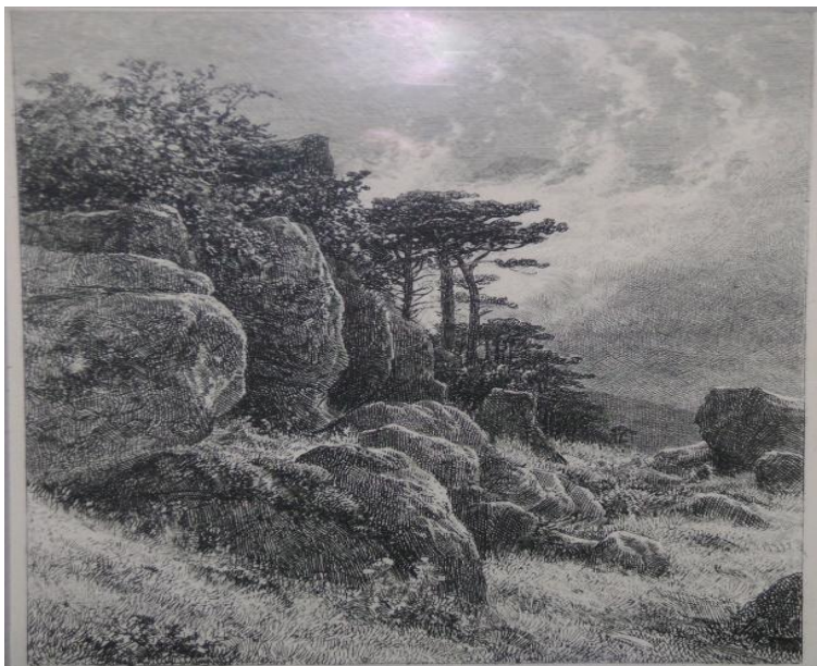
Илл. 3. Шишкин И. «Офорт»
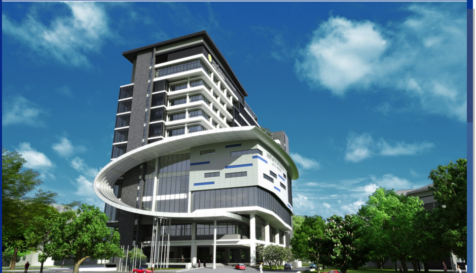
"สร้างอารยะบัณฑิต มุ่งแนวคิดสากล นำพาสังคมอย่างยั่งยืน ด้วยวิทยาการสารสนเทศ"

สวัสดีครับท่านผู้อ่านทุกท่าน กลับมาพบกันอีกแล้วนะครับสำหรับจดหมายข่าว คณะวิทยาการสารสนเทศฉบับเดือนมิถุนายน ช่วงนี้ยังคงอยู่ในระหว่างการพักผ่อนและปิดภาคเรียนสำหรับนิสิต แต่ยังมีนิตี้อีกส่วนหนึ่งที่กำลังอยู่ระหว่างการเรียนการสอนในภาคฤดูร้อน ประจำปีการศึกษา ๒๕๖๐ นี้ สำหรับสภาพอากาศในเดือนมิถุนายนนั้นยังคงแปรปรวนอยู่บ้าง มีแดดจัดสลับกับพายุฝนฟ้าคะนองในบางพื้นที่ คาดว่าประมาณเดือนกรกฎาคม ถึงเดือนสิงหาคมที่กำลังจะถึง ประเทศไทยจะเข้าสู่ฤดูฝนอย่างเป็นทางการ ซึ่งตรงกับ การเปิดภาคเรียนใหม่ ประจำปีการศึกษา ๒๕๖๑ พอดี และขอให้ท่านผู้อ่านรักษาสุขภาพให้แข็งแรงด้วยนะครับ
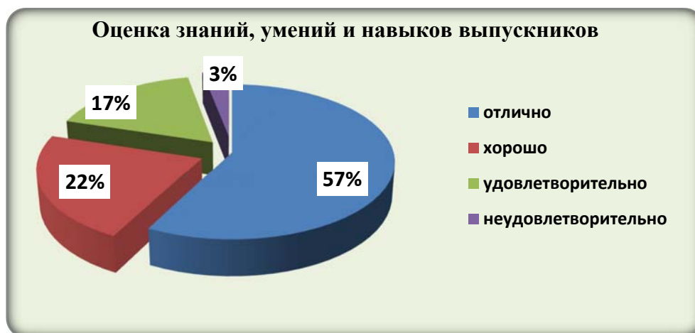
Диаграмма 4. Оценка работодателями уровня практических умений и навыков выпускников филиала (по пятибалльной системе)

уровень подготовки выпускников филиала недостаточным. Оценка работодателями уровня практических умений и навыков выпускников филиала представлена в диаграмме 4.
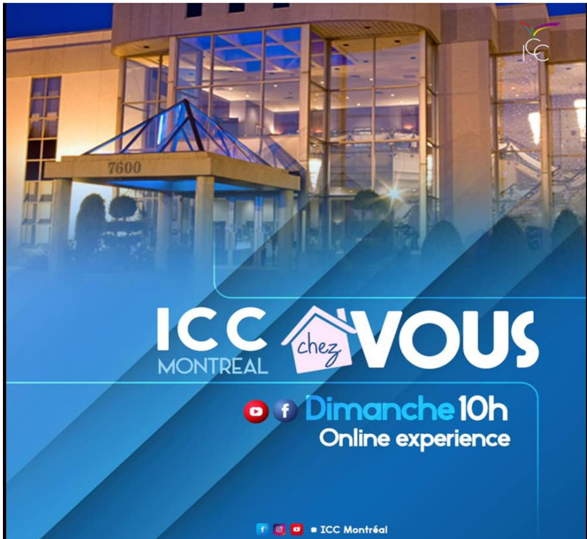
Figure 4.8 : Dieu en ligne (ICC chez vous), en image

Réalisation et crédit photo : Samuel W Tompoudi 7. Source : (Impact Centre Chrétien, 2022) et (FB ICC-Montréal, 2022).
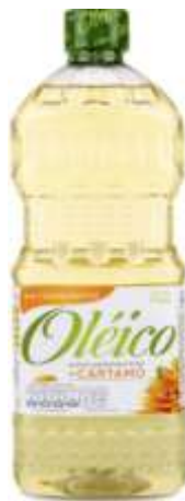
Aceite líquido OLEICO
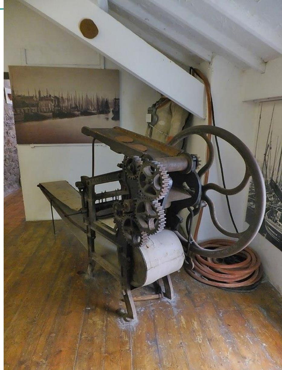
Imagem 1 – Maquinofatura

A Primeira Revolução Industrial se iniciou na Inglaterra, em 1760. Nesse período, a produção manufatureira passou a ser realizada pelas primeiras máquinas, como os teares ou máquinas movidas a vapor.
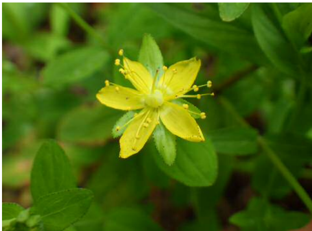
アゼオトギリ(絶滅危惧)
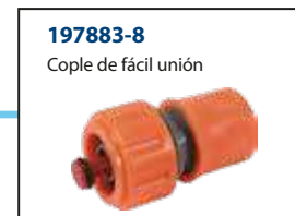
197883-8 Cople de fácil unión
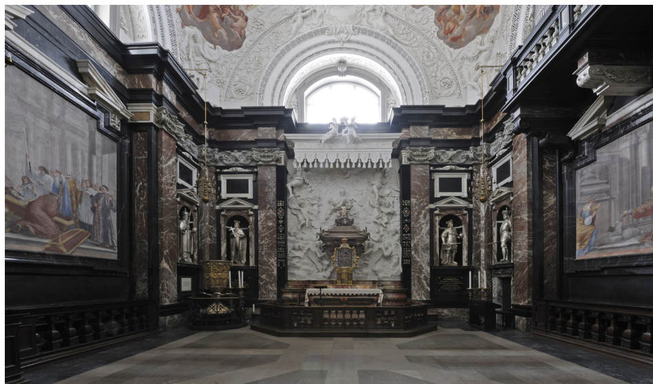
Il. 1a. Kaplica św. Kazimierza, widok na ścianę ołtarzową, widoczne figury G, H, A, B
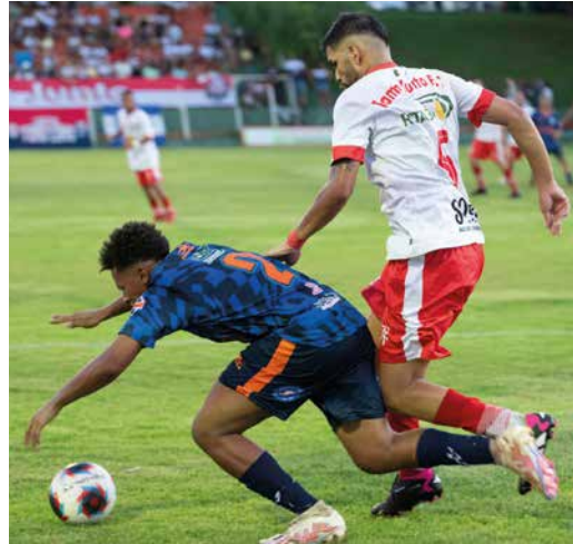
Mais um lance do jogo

--

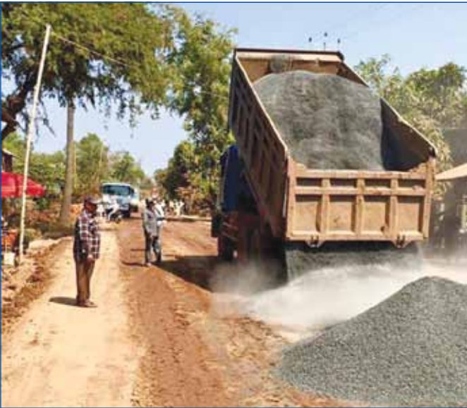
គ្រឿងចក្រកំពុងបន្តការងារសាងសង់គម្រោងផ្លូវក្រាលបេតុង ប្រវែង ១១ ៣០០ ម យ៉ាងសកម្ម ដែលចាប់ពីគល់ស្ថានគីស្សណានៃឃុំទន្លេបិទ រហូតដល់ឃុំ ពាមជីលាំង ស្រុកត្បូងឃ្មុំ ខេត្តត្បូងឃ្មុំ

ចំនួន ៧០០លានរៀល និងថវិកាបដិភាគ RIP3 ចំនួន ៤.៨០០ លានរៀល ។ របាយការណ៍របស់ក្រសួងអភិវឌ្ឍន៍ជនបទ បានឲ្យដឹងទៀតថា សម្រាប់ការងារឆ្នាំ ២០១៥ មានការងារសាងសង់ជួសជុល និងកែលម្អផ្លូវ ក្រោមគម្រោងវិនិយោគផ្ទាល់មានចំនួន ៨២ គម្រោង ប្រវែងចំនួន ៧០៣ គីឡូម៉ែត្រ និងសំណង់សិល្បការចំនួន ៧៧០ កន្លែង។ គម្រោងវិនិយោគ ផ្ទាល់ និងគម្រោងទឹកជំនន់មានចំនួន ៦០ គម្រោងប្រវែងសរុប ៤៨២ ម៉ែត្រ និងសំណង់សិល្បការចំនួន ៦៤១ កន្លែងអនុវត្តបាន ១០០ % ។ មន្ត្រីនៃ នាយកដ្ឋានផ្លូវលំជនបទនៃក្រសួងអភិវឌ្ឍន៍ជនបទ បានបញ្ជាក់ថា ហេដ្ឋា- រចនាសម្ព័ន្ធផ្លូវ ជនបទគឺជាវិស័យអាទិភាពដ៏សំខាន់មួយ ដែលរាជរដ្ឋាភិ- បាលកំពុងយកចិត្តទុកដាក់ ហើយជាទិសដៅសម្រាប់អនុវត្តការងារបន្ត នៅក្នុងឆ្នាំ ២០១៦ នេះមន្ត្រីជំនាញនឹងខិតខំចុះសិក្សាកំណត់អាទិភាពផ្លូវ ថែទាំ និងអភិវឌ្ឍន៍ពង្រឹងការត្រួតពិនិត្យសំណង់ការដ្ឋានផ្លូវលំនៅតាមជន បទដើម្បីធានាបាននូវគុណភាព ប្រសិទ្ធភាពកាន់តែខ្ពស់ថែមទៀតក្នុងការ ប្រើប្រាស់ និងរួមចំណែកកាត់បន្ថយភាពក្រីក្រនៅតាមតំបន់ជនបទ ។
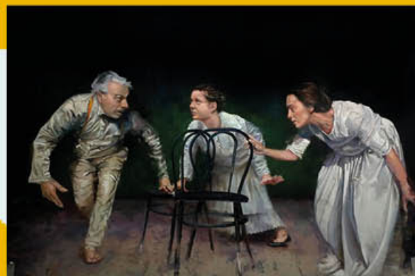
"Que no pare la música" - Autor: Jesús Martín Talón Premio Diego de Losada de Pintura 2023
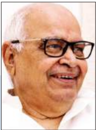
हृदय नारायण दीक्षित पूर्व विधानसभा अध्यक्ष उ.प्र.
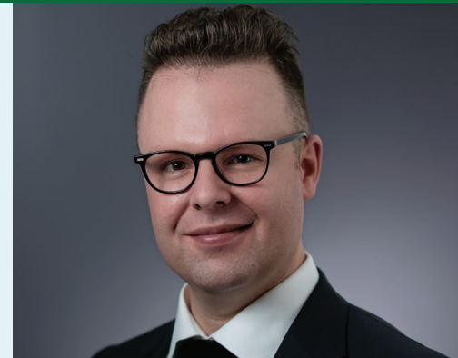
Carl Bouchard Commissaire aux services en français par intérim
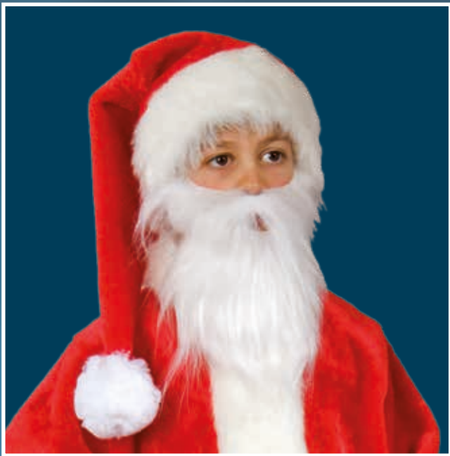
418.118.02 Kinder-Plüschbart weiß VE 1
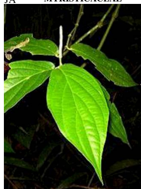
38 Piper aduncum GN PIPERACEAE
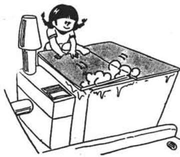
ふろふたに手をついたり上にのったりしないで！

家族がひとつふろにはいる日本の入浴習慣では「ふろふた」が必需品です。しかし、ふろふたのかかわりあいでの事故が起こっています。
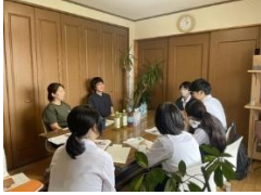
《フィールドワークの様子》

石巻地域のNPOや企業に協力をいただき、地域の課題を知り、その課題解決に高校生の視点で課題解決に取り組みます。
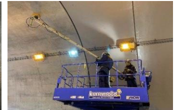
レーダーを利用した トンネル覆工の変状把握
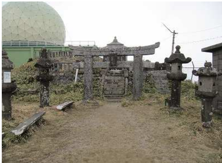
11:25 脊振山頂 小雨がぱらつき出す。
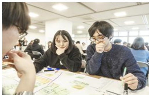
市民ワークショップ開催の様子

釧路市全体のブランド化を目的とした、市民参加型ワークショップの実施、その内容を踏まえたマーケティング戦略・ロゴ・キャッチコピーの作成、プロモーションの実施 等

==

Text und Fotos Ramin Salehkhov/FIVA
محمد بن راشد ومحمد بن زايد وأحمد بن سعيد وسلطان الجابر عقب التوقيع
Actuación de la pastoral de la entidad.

## What to do
When a line contains the string "навыков", copy it from the records.

## Answer space
Диаграмма 4. Оценка работодателями уровня практических умений и навыков выпускников филиала (по пятибалльной системе)
уровень подготовки выпускников филиала недостаточным. Оценка работодателями уровня практических умений и навыков выпускников филиала представлена в диаграмме 4.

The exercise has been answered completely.